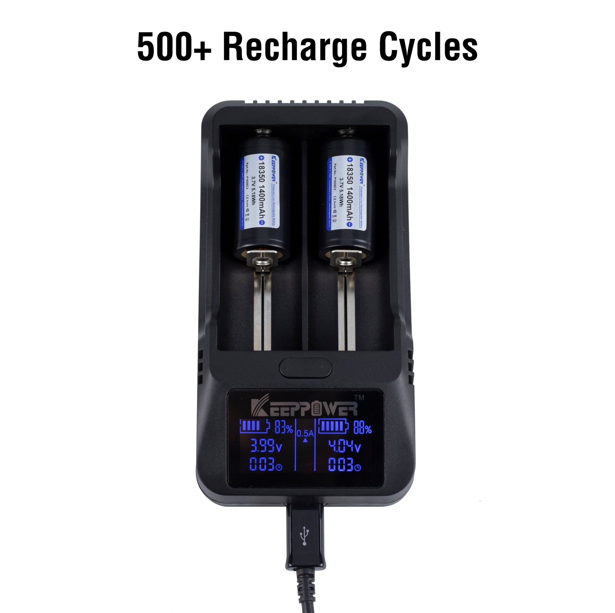 Keeppower Protected 18350 Li-ion Rechargeable Battery Button Top 1400mAh 3.7V for Flashlights (2 Pack)
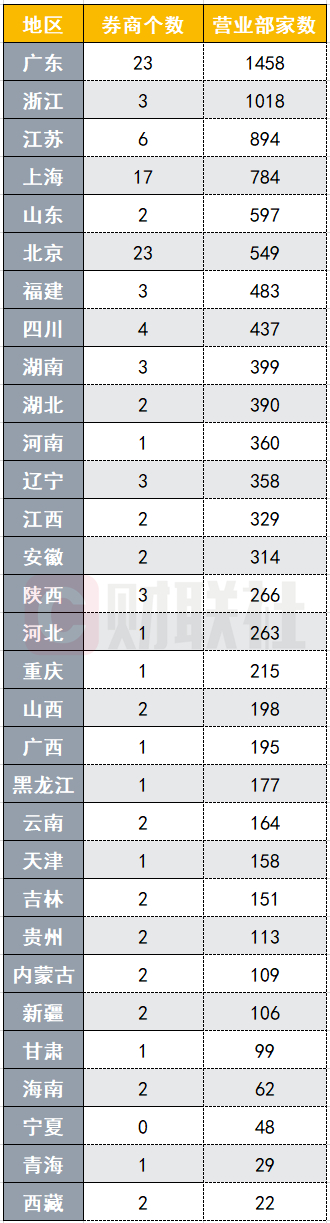 根据choice数据,现在国内共有证券营业部10745家,其中又以广东和浙江分布最多,分别为1458家和1018家。
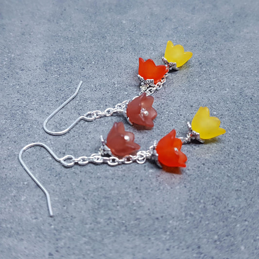 Flower Earrings, Hypoallergenic Ear Wires, Boho Jewelry, Yellow, Burnt Orange, Brown Earrings, Vintage Earrings, Fall/Autumn Earrings

▶ [WHAT THE EXERCISE ASKS] Take the line with "根据choice数据,现在国" and each line after it through the end of the material above, and reproduce them exactly, both ends included, without pictures.

▶ [TASK RESULT]
 根据choice数据,现在国内共有证券营业部10745家,其中又以广东和浙江分布最多,分别为1458家和1018家。
 Flower Earrings, Hypoallergenic Ear Wires, Boho Jewelry, Yellow, Burnt Orange, Brown Earrings, Vintage Earrings, Fall/Autumn Earrings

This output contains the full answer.